What to do:
In the records below, find the line containing "2023-24 Donruss Optic" and transcribe it and every line after it exactly; leave the pictures out.

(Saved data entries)

========================================================================

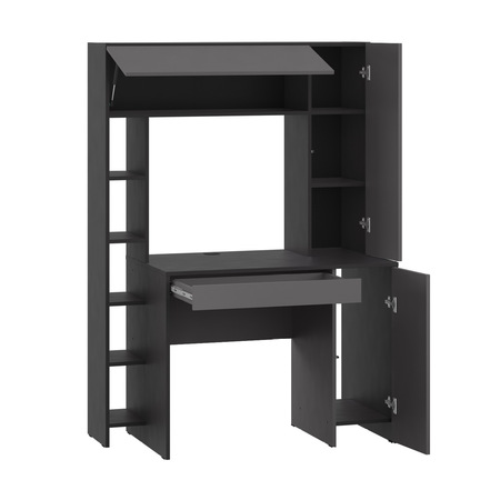 Распашные двери на четырёхшарнирных петлях. Выдвижной ящик на шариковых направляющих полного выдвижения. Верхний левый фасад на газлифте, открывается за нижнюю часть фасада. Верхний правый фасад открывается при помощи механизма Push. Нижний правый фасад открывается при помощи механизма Push (предусмотрена возможность установки системного блока)Кабель канал в задней части столешницы для проводов. (Механизм Push - открывание нажатием на фасад)
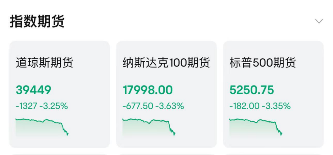 炒股第一步,先开个股票账户 针对美国的“对等关税”,中国发出反制措施。经国务院批准,国务院关税税则委员会公布公告,自2025年4月10日12时01分起,对原产于美国的所有进口商品加征34%关税。 4月4日美股盘前,美股期货持续下挫,道琼斯指数期货、纳斯达克100指数期货、标普500指数期货均跌超3%。 截至记者发稿时,道琼斯指数期货下跌1327点,跌幅3.25%;纳斯达克100指数期货下跌677.50点,跌幅3.63%;标普500指数期货下跌182点,跌幅3.35%。 ![]() 美股大型科技股盘前大跌。特斯拉、亚马逊跌超7%,英特尔、英伟达、苹果跌超6%,Meta、英伟达跌超5%,微软、谷歌跌超4%。 欧洲股市方面,欧股持续下跌。欧洲斯托克50指数跌5.3%,斯托克欧洲600指数跌5%,英国富时100指数跌4%,法国CAC40指数跌4.7%,意大利富时MIB指数跌近8%。 国际原油价格跳水,布油日内重挫超8%,跌破64美元/桶。现货黄金短线快速拉升,站上3130美元/盎司。 (文章来源:上海证券报) |
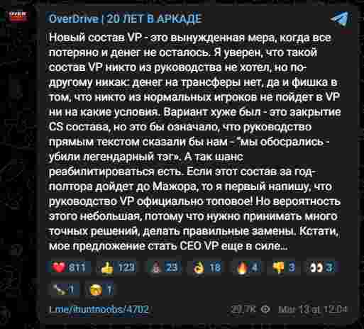 “VP的新阵容是一种无奈之举,是在走投无路且资金耗尽的情况下被迫采取的措施。我相信管理层没有人想要这样的阵容,但别无选择:既没有资金用于引援,关键在于,也不会有任何像样的选手愿意以任何条件加入VP。
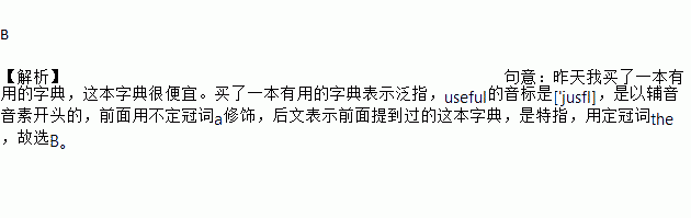 B 【解析】句意:昨天我买了一本有用的字典,这本字典很便宜。买了一本有用的字典表示泛指,useful的音标是['jusfl],是以辅音音素开头的,前面用不定冠词a修饰,后文表示前面提到过的这本字典,是特指,用定冠词the,故选B。
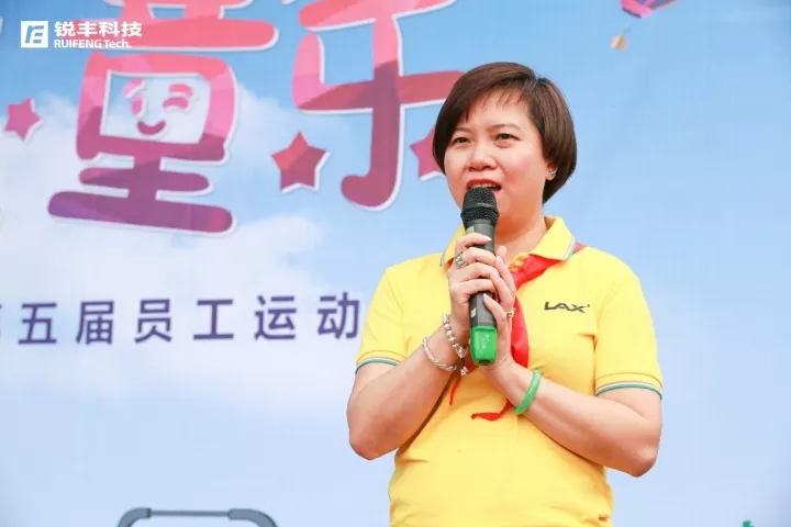 ▲锐丰科技工会主席、市场部经理王俊文为运动会主持
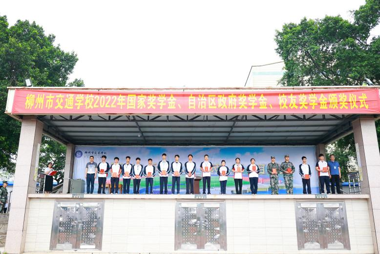 为了表彰和鼓励在2022年各方面表现优秀的同学,激发同学们的学习热情与积极性,柳州市交通学校于 2023 年 4 月17 日上午举行2022年学生奖学金颁奖仪式。校长黄䶮、党委副书记、纪委书记梁汉飞、副校长周轶群及教师代表为学生颁奖,学生工作处和安全保卫科副科长蒙繁荣主持仪式。
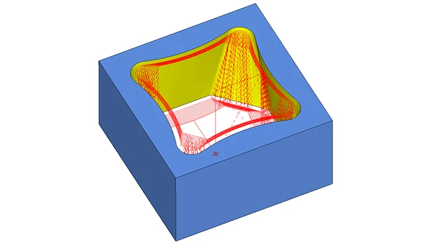 ESPRIT’s 4-axis pocketing takes this concept a step further. Built-in options will automatically identify and isolate the largest area inside a complex cavity that can accommodate a slug drop. This core area is removed with a simple 2-axis contouring operation. Then, 4-axis no-core pocketing wire path is applied to remove only the material that remains.
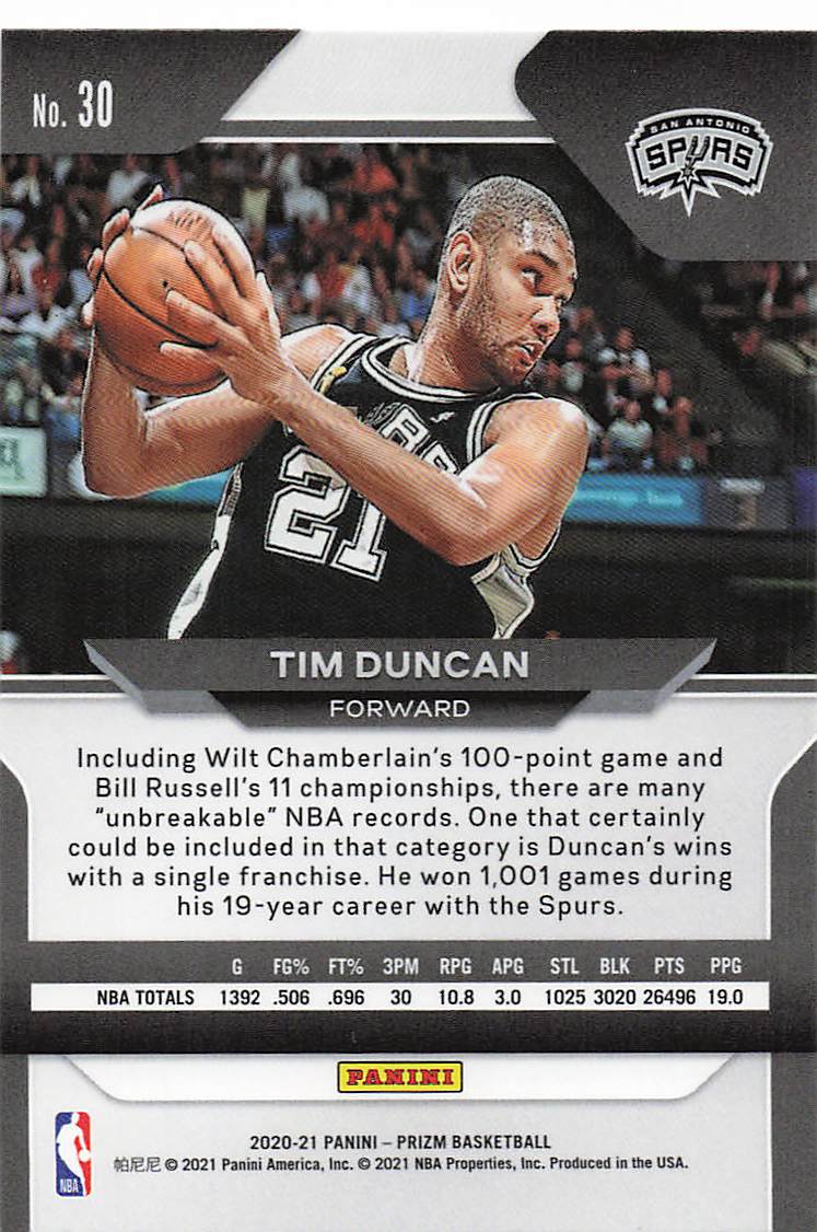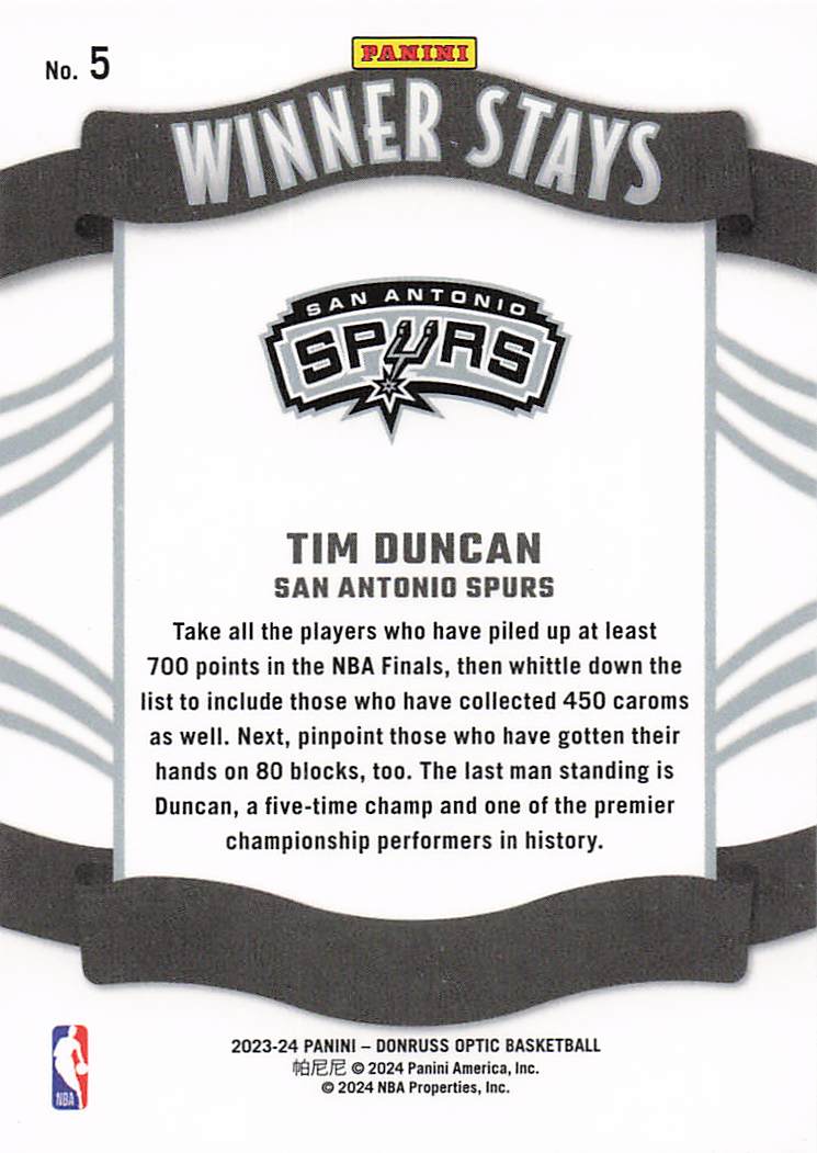 2023-24 Donruss Optic Basketball Winner Stays Tim Duncan #5
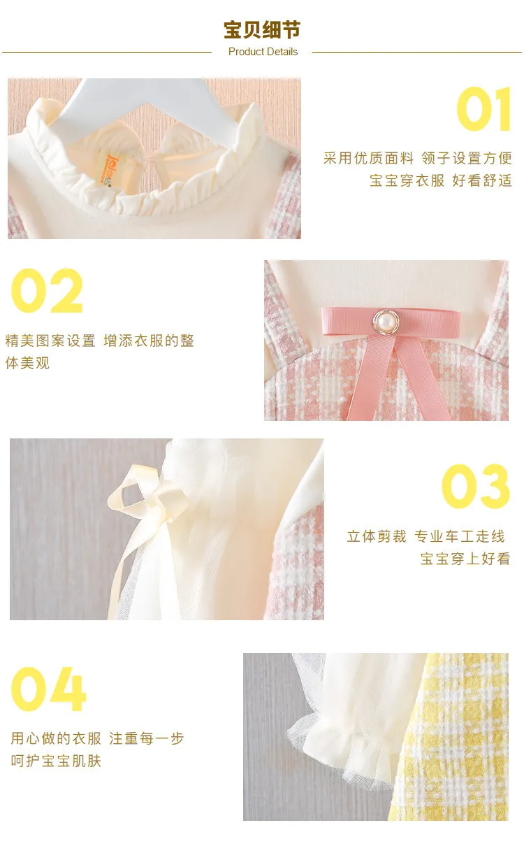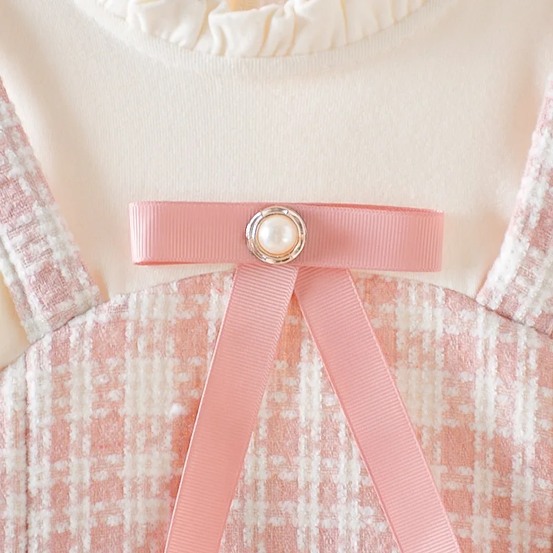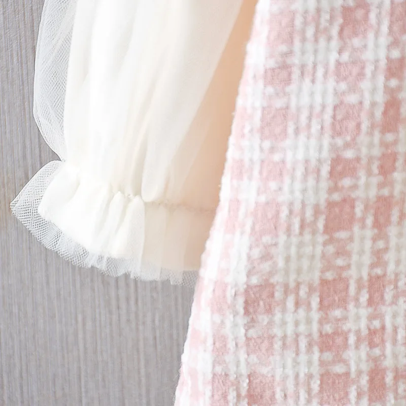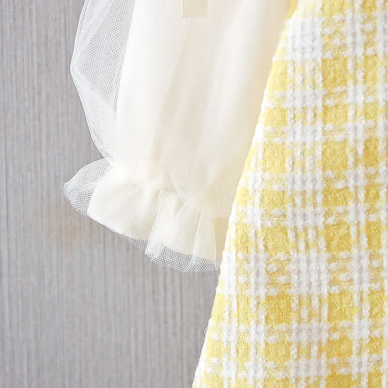 Ropa de primavera y otoño para niña pequeña, vestido de princesa a cuadros de encaje de manga larga con lazo lindo coreano, vestidos de cumpleaños, ropa de bebé BC623

========================================================================

Answer to this exercise:
 2023-24 Donruss Optic Basketball Winner Stays Tim Duncan #5
 Ropa de primavera y otoño para niña pequeña, vestido de princesa a cuadros de encaje de manga larga con lazo lindo coreano, vestidos de cumpleaños, ropa de bebé BC623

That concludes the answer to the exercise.